# WHAT THE TASK REQUIRES
In the material below, the required lines run from the one containing "2月7日,廣元市應對新型冠狀" through the one containing "イケスの中で冬の間身を潜めていたフグたちが". Copy those lines exactly, ends included, and nothing else.

# DATA TO EXAMINE
==============================

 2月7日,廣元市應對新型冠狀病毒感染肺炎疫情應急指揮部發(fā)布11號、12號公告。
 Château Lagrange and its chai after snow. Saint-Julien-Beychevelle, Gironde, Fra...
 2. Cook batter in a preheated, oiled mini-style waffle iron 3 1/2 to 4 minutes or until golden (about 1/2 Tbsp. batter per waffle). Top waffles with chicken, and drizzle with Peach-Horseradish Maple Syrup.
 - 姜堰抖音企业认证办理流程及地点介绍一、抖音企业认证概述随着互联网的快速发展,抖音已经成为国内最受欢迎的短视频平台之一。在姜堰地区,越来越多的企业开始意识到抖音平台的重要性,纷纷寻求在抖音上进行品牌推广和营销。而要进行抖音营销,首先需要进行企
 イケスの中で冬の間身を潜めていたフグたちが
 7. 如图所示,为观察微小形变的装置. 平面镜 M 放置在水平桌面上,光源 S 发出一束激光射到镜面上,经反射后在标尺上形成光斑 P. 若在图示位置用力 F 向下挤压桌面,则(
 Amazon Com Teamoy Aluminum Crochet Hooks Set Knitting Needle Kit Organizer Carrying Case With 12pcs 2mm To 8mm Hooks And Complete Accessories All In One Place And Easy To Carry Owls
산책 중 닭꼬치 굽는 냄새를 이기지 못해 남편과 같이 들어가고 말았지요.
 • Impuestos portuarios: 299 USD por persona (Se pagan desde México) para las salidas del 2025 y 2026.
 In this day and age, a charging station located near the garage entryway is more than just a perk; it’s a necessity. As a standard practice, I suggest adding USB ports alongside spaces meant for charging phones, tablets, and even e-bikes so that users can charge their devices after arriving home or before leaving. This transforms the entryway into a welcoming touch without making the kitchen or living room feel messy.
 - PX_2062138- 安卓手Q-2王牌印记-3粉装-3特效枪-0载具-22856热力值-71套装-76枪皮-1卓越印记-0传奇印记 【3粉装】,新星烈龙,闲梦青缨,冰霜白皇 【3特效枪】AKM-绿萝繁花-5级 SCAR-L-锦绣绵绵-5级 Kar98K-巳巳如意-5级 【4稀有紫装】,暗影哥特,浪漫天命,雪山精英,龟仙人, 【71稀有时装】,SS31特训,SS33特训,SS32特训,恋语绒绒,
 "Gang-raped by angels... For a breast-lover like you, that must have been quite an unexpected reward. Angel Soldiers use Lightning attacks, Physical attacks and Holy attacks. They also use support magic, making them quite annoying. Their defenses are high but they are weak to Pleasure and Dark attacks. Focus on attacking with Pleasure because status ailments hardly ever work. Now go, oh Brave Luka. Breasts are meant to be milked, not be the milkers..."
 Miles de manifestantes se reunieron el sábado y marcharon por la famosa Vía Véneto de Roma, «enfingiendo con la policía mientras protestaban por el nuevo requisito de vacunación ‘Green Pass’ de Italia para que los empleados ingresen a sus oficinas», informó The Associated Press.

==============================

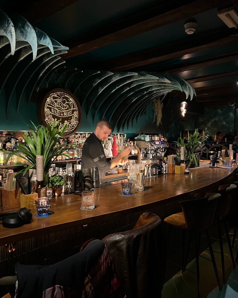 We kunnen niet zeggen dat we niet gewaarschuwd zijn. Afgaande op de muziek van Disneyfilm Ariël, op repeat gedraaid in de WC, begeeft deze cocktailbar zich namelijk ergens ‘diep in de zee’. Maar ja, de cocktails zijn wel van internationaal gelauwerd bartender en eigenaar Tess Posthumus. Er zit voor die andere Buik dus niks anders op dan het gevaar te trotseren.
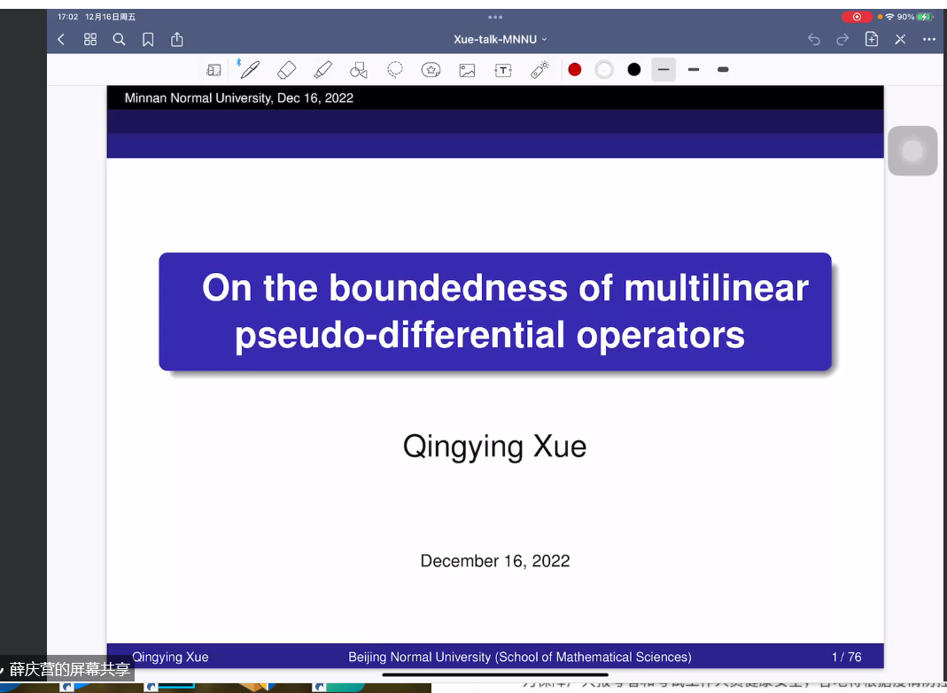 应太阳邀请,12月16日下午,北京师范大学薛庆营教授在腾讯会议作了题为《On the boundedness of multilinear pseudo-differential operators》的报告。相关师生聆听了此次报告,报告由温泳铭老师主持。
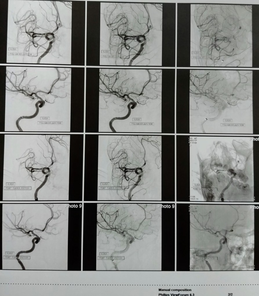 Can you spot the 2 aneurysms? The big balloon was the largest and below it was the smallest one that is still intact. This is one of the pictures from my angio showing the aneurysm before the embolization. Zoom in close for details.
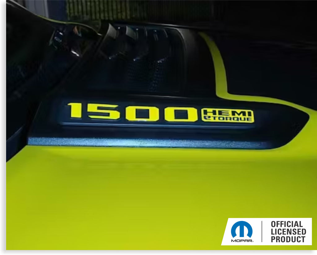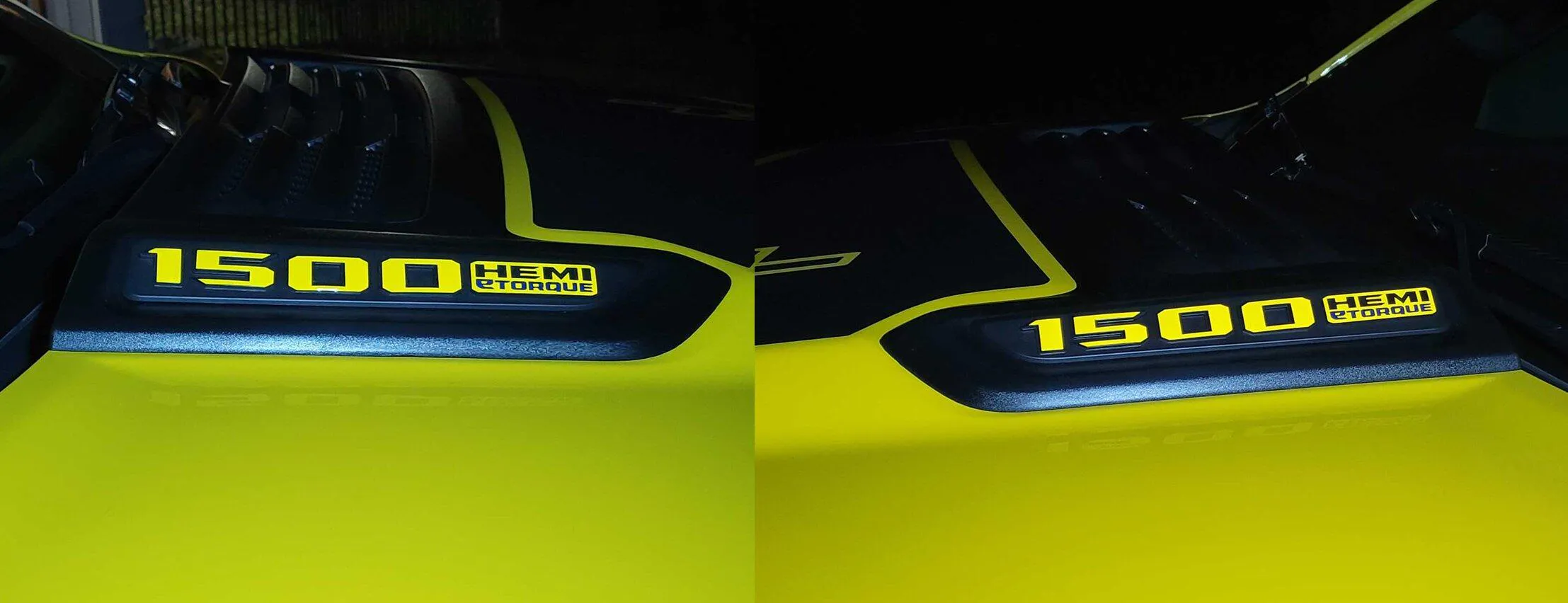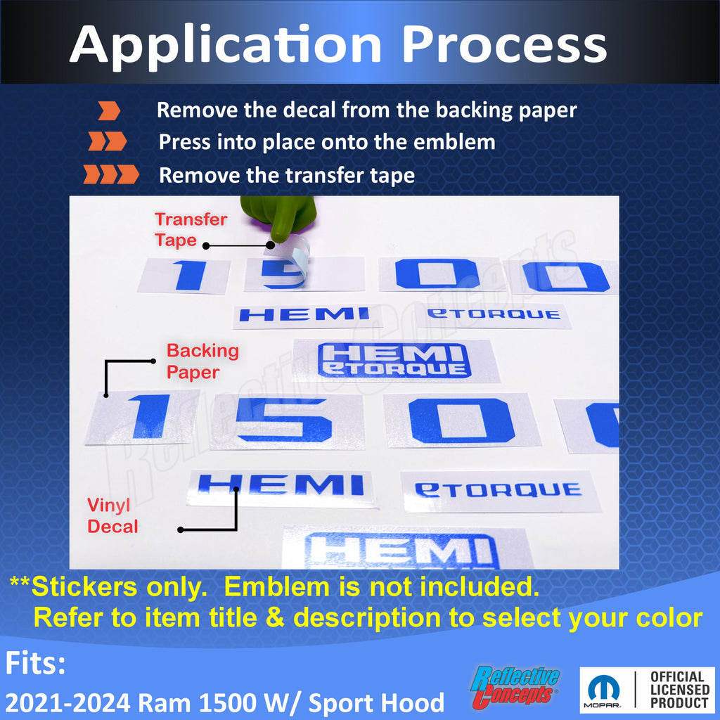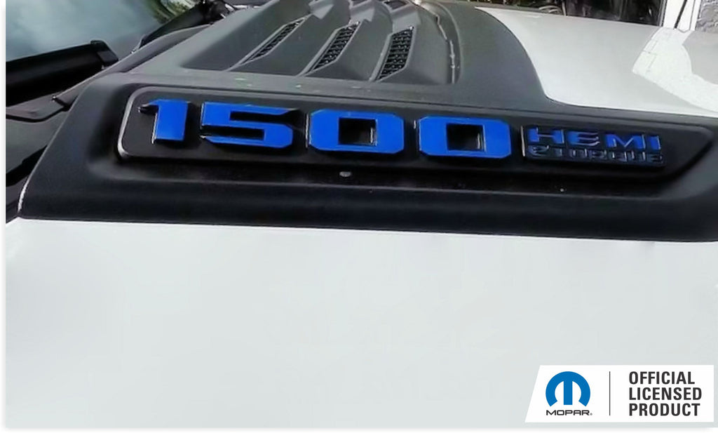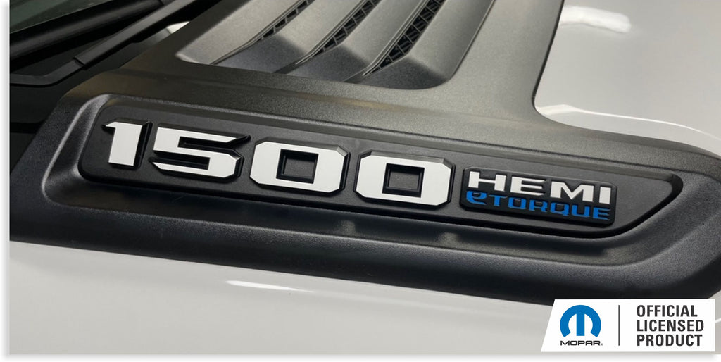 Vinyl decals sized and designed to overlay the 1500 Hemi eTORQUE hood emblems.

==============================

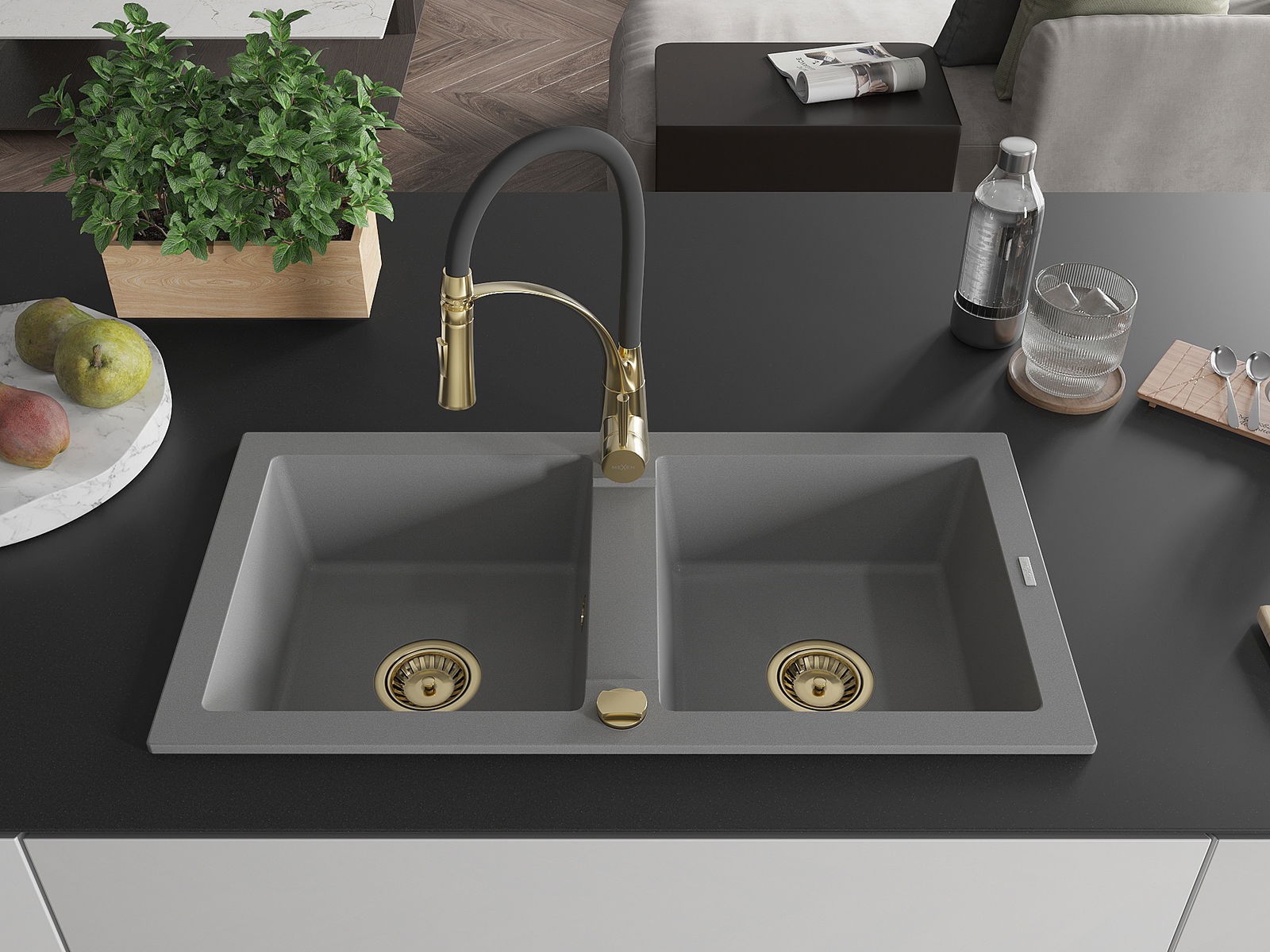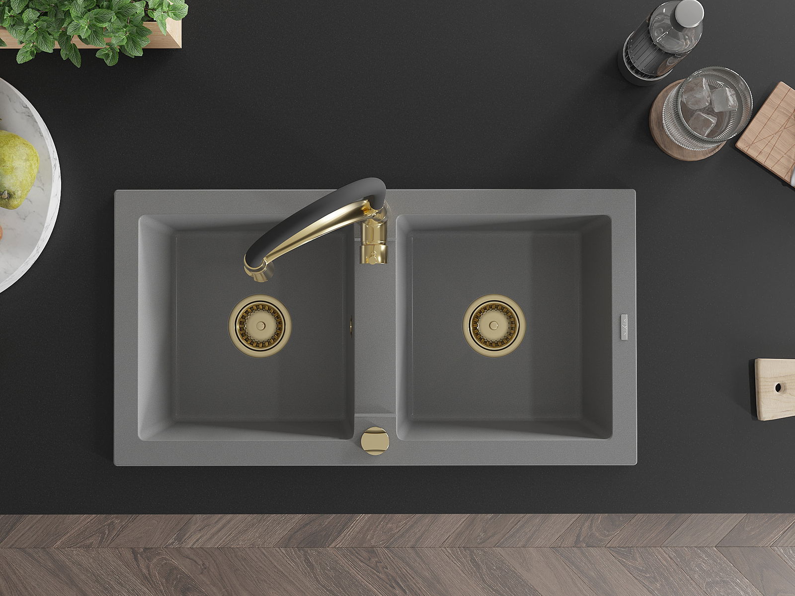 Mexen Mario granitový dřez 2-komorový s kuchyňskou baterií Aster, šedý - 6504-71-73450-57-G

==============================

# RESPONSE
 2月7日,廣元市應對新型冠狀病毒感染肺炎疫情應急指揮部發(fā)布11號、12號公告。
 Château Lagrange and its chai after snow. Saint-Julien-Beychevelle, Gironde, Fra...
 2. Cook batter in a preheated, oiled mini-style waffle iron 3 1/2 to 4 minutes or until golden (about 1/2 Tbsp. batter per waffle). Top waffles with chicken, and drizzle with Peach-Horseradish Maple Syrup.
 - 姜堰抖音企业认证办理流程及地点介绍一、抖音企业认证概述随着互联网的快速发展,抖音已经成为国内最受欢迎的短视频平台之一。在姜堰地区,越来越多的企业开始意识到抖音平台的重要性,纷纷寻求在抖音上进行品牌推广和营销。而要进行抖音营销,首先需要进行企
 イケスの中で冬の間身を潜めていたフグたちが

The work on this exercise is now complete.